Pachyderm vs Airflow
If you do a lot of data pipelining, you’ve probably heard a lot about Airflow by now. I gave a talk about it a while back at a meetup, and wrote a blog post about it. The gist of my pitch for Airflow was essentially “Look, it’s so much better than cron.”
Fast-forward a year or two, and my team is using Pachyderm now. This post is about why I wanted to try Pachyderm, what I love about it, some things that can be improved about it, and some of the tricks you’ll need to know if you want to start using it.
Note: I am not in any way being paid by Pachyderm.

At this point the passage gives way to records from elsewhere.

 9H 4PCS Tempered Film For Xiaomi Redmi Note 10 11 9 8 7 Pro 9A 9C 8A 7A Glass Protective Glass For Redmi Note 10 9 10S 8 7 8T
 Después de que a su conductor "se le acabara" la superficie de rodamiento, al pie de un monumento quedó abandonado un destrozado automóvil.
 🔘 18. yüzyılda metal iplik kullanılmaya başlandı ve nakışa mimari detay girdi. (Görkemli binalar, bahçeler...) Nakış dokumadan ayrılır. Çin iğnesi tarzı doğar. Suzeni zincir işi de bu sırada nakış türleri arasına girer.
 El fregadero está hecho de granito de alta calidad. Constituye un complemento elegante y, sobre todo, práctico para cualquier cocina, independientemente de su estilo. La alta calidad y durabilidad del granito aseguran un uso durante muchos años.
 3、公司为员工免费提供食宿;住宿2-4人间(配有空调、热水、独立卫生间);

What is appealing about Pachyderm
-
Designed for a machine learning model workflow, but can also handle regular data pipelining (including cron-style scheduling). This is incredibly reassuring to me, because Airflow is kind of the other way around.
-
Scalability (parallelization support). I haven’t done much with this yet, but it’s also reassuring to know it’s there, since we’re a rapidly growing company, and I’m sure our data needs are going to continue to expand.
-
Data and code provenance tracking are built-in.
What that means: It’s easy to figure out what version of your code was running at any given time, and on what data. This is critical if you’re iterating on code for ETL processes or models, or tracking a model that’s going to evolve over time based on what data it has seen.

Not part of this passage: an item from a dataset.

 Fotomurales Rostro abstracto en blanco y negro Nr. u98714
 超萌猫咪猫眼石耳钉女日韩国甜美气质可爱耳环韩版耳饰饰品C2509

- The egress feature and built-in feed-forward are amazingly elegant.
Feed-forward (I don’t know what they call it, that’s just what I call it) means you can have one pipeline read from the output of another, and trigger off of that directly.
In Airflow, for comparison, you had to configure this with messaging and it was kind of clunky (and originally there was no push, only pull, so you were always polling for is that thing done yet?).

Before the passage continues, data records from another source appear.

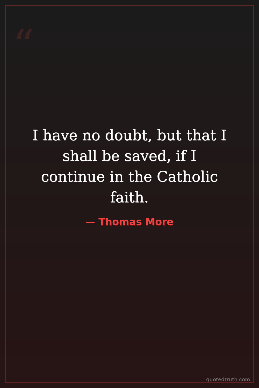 I have no doubt, but that I shall be saved, if I continue in the Catholic faith.
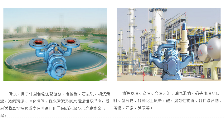 羅德轉(zhuǎn)子泵在石油石化領(lǐng)域應(yīng)用廣泛,穩(wěn)定源于雙支撐軸,加上耐腐蝕耐磨損的橡膠轉(zhuǎn)子泵,在油泥浮渣處理,含有污水處理,污油水分離等工位上都有成功應(yīng)用。
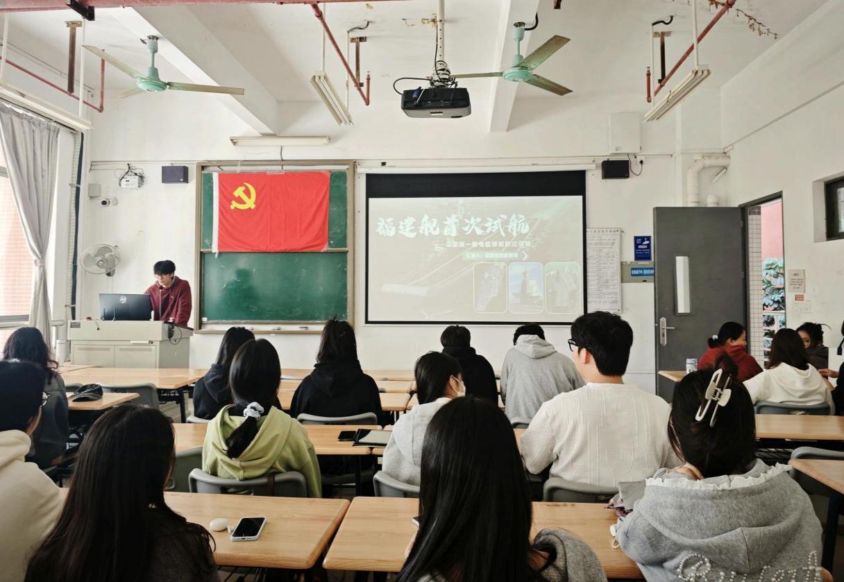 其次,志愿者部的麦振祺同志与大家分享福建舰的首次试航,大家了解到福建舰是中国第一艘电磁弹射航空母舰,福建舰的成功试航,为我国国防安全奠定了更加坚实的基础。
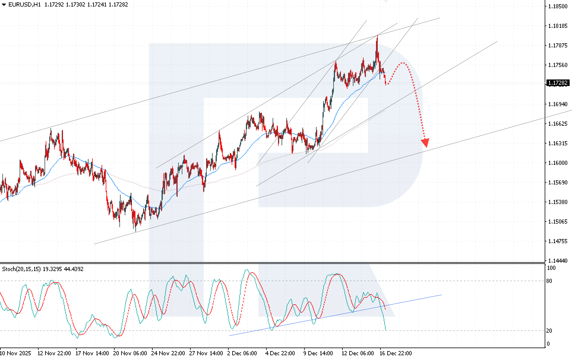Қосымша аюлы сигнал Stochastic Oscillator индикаторында қалыптасуда. Сигналдық сызықтар өсім тренд сызығынан төмен өтіп, аюлы қиылысу (bearish crossover) құрды, бұл төмен бағыттағы импульстың қайта жандануын көрсетеді.
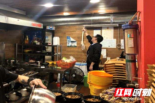 市场监管所工作人员对辖区内所有餐饮门店进行逐户上门检查。

In Pachyderm, it’s an extremely simple configuration.
Egress means you don’t have to write a plugin to do something as basic as push your data to s3. Pachyderm already knows how to do that for you (see below for an example of how this is specified in a pipeline).
There’s also an easy way to tell it to re-process as much data as you want (*except for cron inputs, but they’re going to fix that).
- Not having to clean up the fallout from runaway backfills
Runaway backfill in Airflow made our server fall down more than once whenever anybody forgot to update the start date or name of their DAG. This was a built-in default setting that we couldn’t change, where Airflow would try to backfill any missing data to the beginning of time (1970, of course), and celery would get overloaded.
We tried numerous approaches to make it impossible to do this by accident, including having tests for checking that the start_date for a revised DAG was always after the date of the latest changes.
It was the bane of my Airflow existence. Clearing the celery cache and getting it to restart, and then backfill what we actually wanted was always a time-consuming process, including kicking the web server again and getting everything back online.
- Smart re-tries by default (and this is configurable).
Having retries at all was a big advantage of Airflow over basic cron, especially since it’s modular, so you can have different re-try settings for each step of an ETL pipeline.
Having said that, this was a also kind of a pain to deal with in Airflow, because if somebody set a ridiculous number of retries, or a backfill job was failing, it could easily become a blocker for unrelated pipelines just by gunking up the celery queue with tons of re-tries for something that was already failing (see above re: runaway backfill).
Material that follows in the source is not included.